A video of the ladder “walking” was provided to me by the investigating officers. That video depicts the slight movements of the ladder as described by Mr McBride.

The second hypothesis is that Ms White has gone up the ladder quickly and has lost her balance, causing her to fall.

Based on the evidence before me I am not in a position to make a finding that the ladder “walked” and this is what caused Ms White to lose her balance and fall from the ladder.

Neither am I in a position to make a finding that Ms White has gone up the ladder quickly and lost her balance.

The only finding I can make is that Ms White fell from the ladder. I am not able to make a finding as to what caused her to fall from the ladder.

Comments and Recommendations I extend my appreciation to investigating officer Constable Caitlin Cashion for her investigation and report.

I note that Coroner Cooper in his finding into the death of Mr H. dated 3 September 2014 has previously made recommendations regarding individuals utilising ladders to perform works in a home environment.

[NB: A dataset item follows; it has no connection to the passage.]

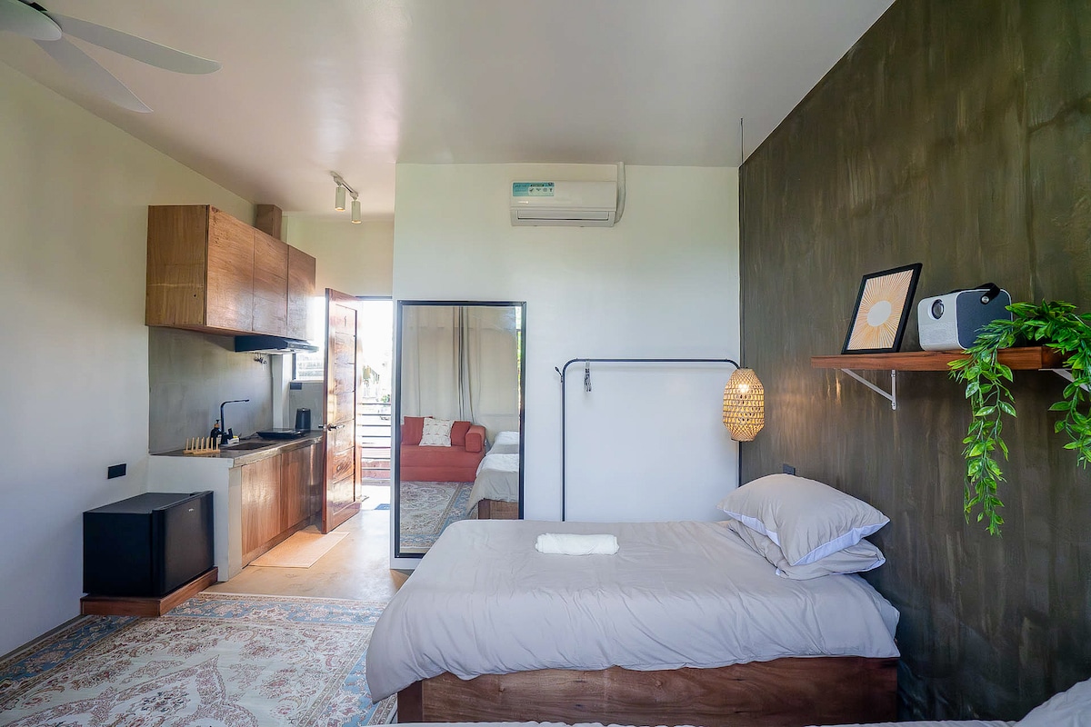 Strict quiet hours (9 PM–7 AM). Max one visitor. No balcony use during quiet hours. Located in a quiet part of downtown General Luna, away from bars yet walking distance to restaurants and essentials. Set in a gated, family and pet-friendly compound. Fully self-contained with private kitchenette, large fridge, cooking/dining essentials, storage, TV, hot shower, A/C, covered balcony/patio, and fast fiber internet. Ideal for peaceful stays, not late-night gatherings.

I repeat his recommendations: “I recommend that the following basic safety precautions are taken when using a ladder at home:

  1. Take care to comply as far as possible with either the Australian Standard applicable to the task at hand or the Code of Practice approved under section 274 for the Workplace Health and Safety Act 2012;

  2. Ensure the ladder is in good condition and set up on firm and stable ground;

  3. Ensure the ladder is positioned so that it is neither too far from, nor too close to, the support structure;

  4. Always ensure when using a ladder that it is secured either by being properly “footed” by another person or tied off at the top (or both); and

  5. Only ever undertake light work while on the ladder-and then ensure that three (3) points of contact with the ladder are maintained at all times.” I convey my sincere condolences to the family and loved ones of Ms White.

Dated: 16 December 2019 at Hobart Coroners Court in the State of Tasmania.